Boris Johnson is expected to tell people in England that it will be left to their "judgement" to manage coronavirus risks as he prepares to restore freedoms on July 19.
The Prime Minister will lead a Downing Street press conference on Monday where he will tell the public that the country must "begin to learn to live with this virus" in the clearest indication yet that he is preparing to do away with a swathe of restrictions on daily life.
Mr Johnson will update the nation on the future of the one metre-plus rule in hospitality venues, the use of face coverings and work from home guidance, with multiple reports suggesting they will all be scrapped.
It has been suggested that from so-called "freedom day" on July 19 mask wearing will become voluntary, while social distancing in pubs and bars will end - along with needing to use a QR code to check-in - meaning a return to drinking at the bar without the requirement for table service.
Mass events, including festivals, will also reportedly be allowed under the proposals for the final stage of the road map out of lockdown.
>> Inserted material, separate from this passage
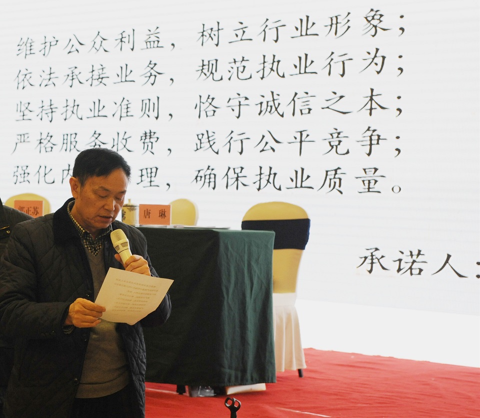 会上,郭正苏副秘书长就制定《江苏省专业技术人员行业诚信自律公约》的相关事项进行了专项说明。在热烈的掌声中,全体参会理事及主任职称师一致表决通过了该公约。随后,秘书长易德鹤带领全体参会代表在大会上庄严承诺:维护公众利益,树立行业形象;依法承接业务,规范执业行为;坚持职业准则,恪守诚信之本;严格服务收费,践行公平竞争;强化内控管理,确保执业质量。全体参会理事及主任职称师集体在公约承诺墙上郑重地签下了自己的名字。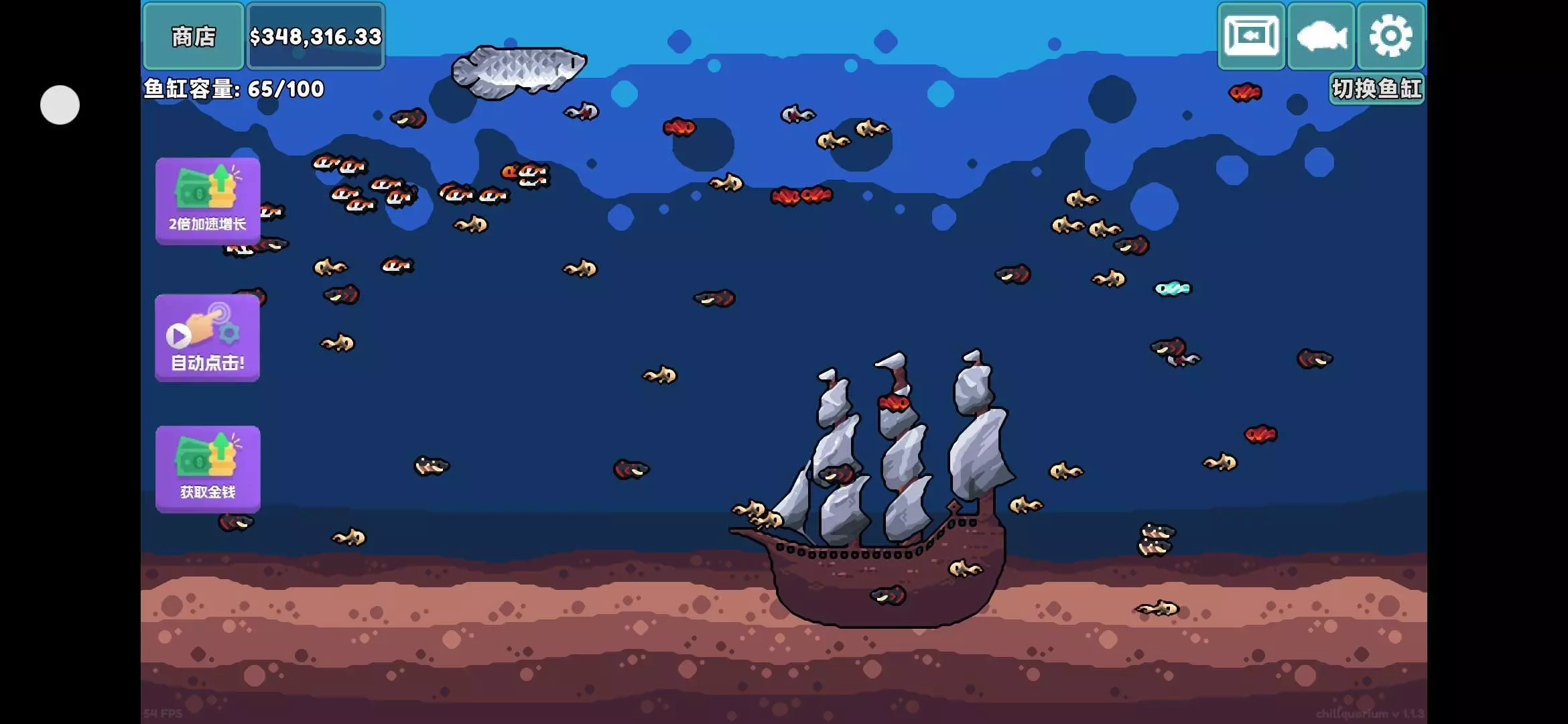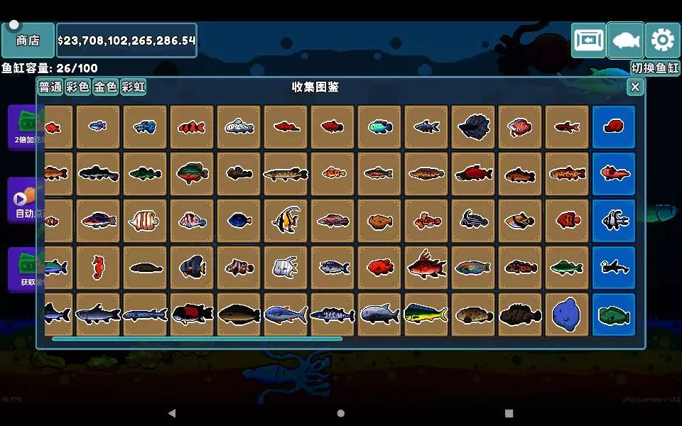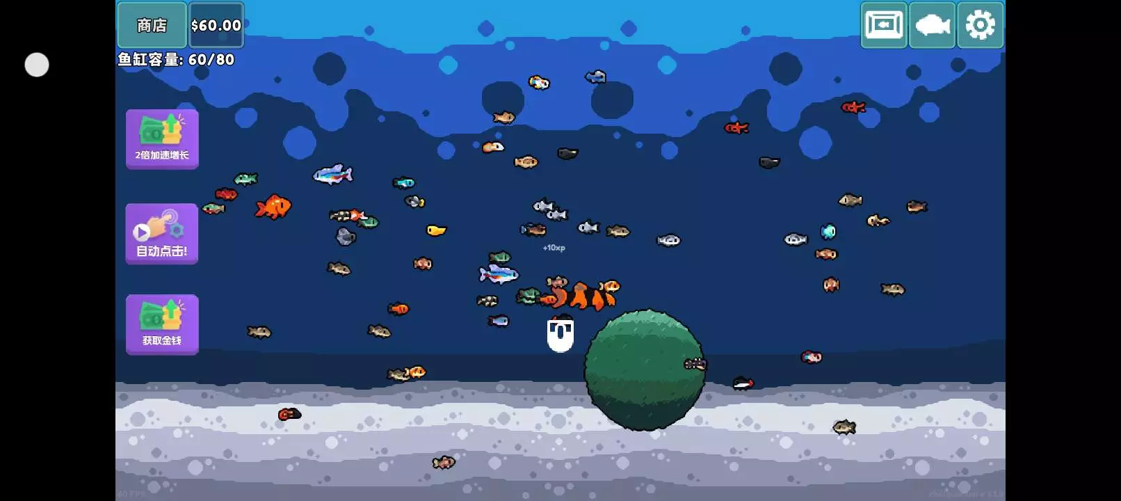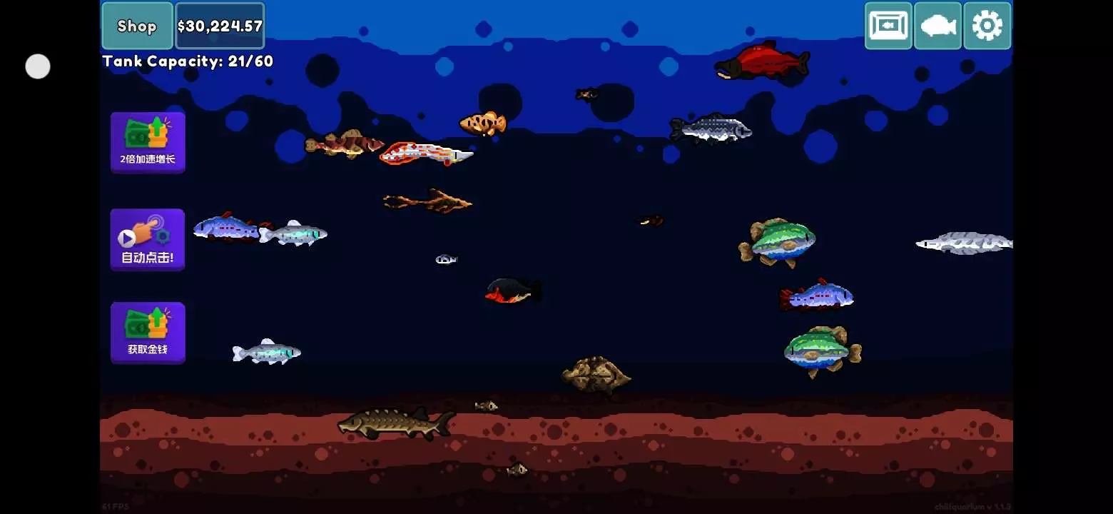 #种草吧玩家 这是一款养鱼挂机类游戏,个人觉得挺好玩的,开局需要买鱼苗,然后开始养鱼,不停的点击屏幕养鱼,等于长大之后还能带来收益,总之就是非常的好玩,喜欢养鱼挂机的赶紧充吧!

Alongside the press conference, Health Secretary Sajid Javid will address the Commons on Monday to update MPs on any changes.
The Prime Minister is expected to say on Monday: "Thanks to the successful rollout of our vaccination programme, we are progressing cautiously through our road map.
"Today we will set out how we can restore people's freedoms when we reach Step 4.
"But I must stress that the pandemic is not over and that cases will continue to rise over the coming weeks.
"As we begin to learn to live with this virus, we must all continue to carefully manage the risks from Covid and exercise judgment when going about our lives."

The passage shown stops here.